SPRINT: Scalable and Predictive Intent Refinement for LLM-Enhanced Session-based Recommendation
Gyuseok Lee, Wonbin Kweon, Zhenrui Yue, Yaokun Liu, Yifan Liu, Susik Yoon, Dong Wang, SeongKu Kang
TL;DR
This work tackles the dual challenges of context scarcity and scalability in applying LLM-based profiling to session-based recommendation. It introduces SPRINT, a two-stage framework that first derives reliable session intents using uncertainty-aware LLM invocation and a global intent pool, then leverages a lightweight intent predictor and collaborative enrichment to integrate multi-intent signals into SBR without LLMs at inference. The approach significantly improves recommendation accuracy while reducing training and inference costs, outperforming state-of-the-art baselines across three real-world datasets.
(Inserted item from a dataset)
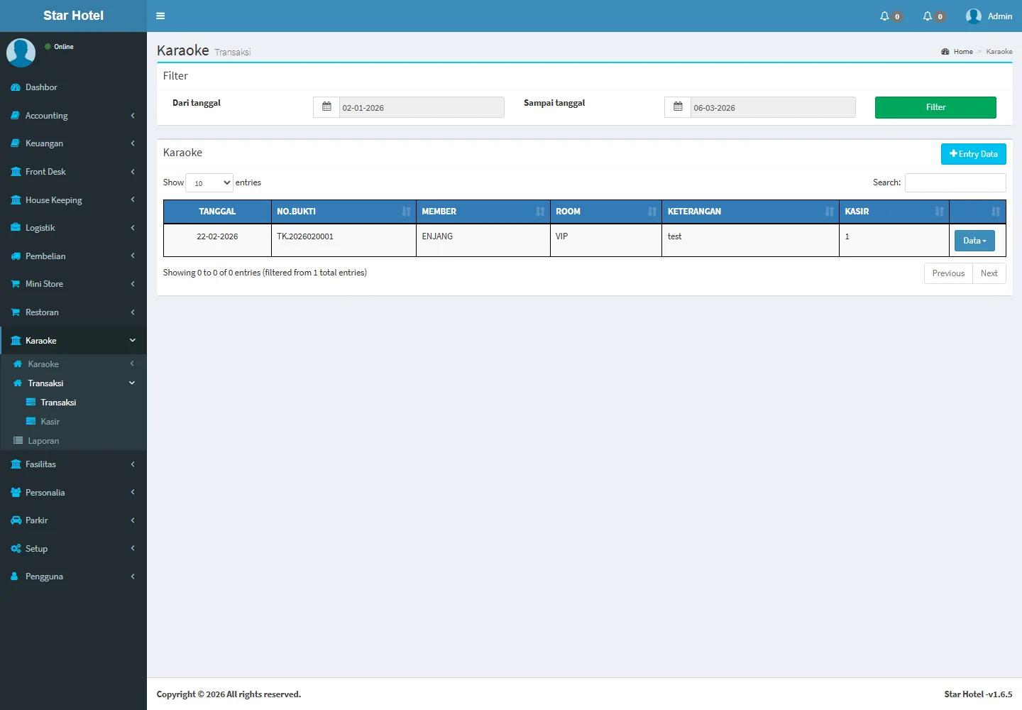 Kelola data transaksi karaoke yang mencakup penggunaan room, makanan, minuman, dan layanan tambahan yang digunakan selama sesi karaoke.

The results demonstrate improved explainability and practical viability for real-time SBR deployments, highlighting the value of constrained, predicate-driven intent generation and cross-session collaboration. Overall, SPRINT offers a scalable, interpretable path to harness LLM knowledge for personalized, efficient session-based recommendations.
Abstract
Large language models (LLMs) have enhanced conventional recommendation models via user profiling, which generates representative textual profiles from users' historical interactions. However, their direct application to session-based recommendation (SBR) remains challenging due to severe session context scarcity and poor scalability. In this paper, we propose SPRINT, a scalable SBR framework that incorporates reliable and informative intents while ensuring high efficiency in both training and inference. SPRINT constrains LLM-based profiling with a global intent pool and validates inferred intents based on recommendation performance to mitigate noise and hallucinations under limited context. To ensure scalability, LLMs are selectively invoked only for uncertain sessions during training, while a lightweight intent predictor generalizes intent prediction to all sessions without LLM dependency at inference time. Experiments on real-world datasets show that SPRINT consistently outperforms state-of-the-art methods while providing more explainable recommendations.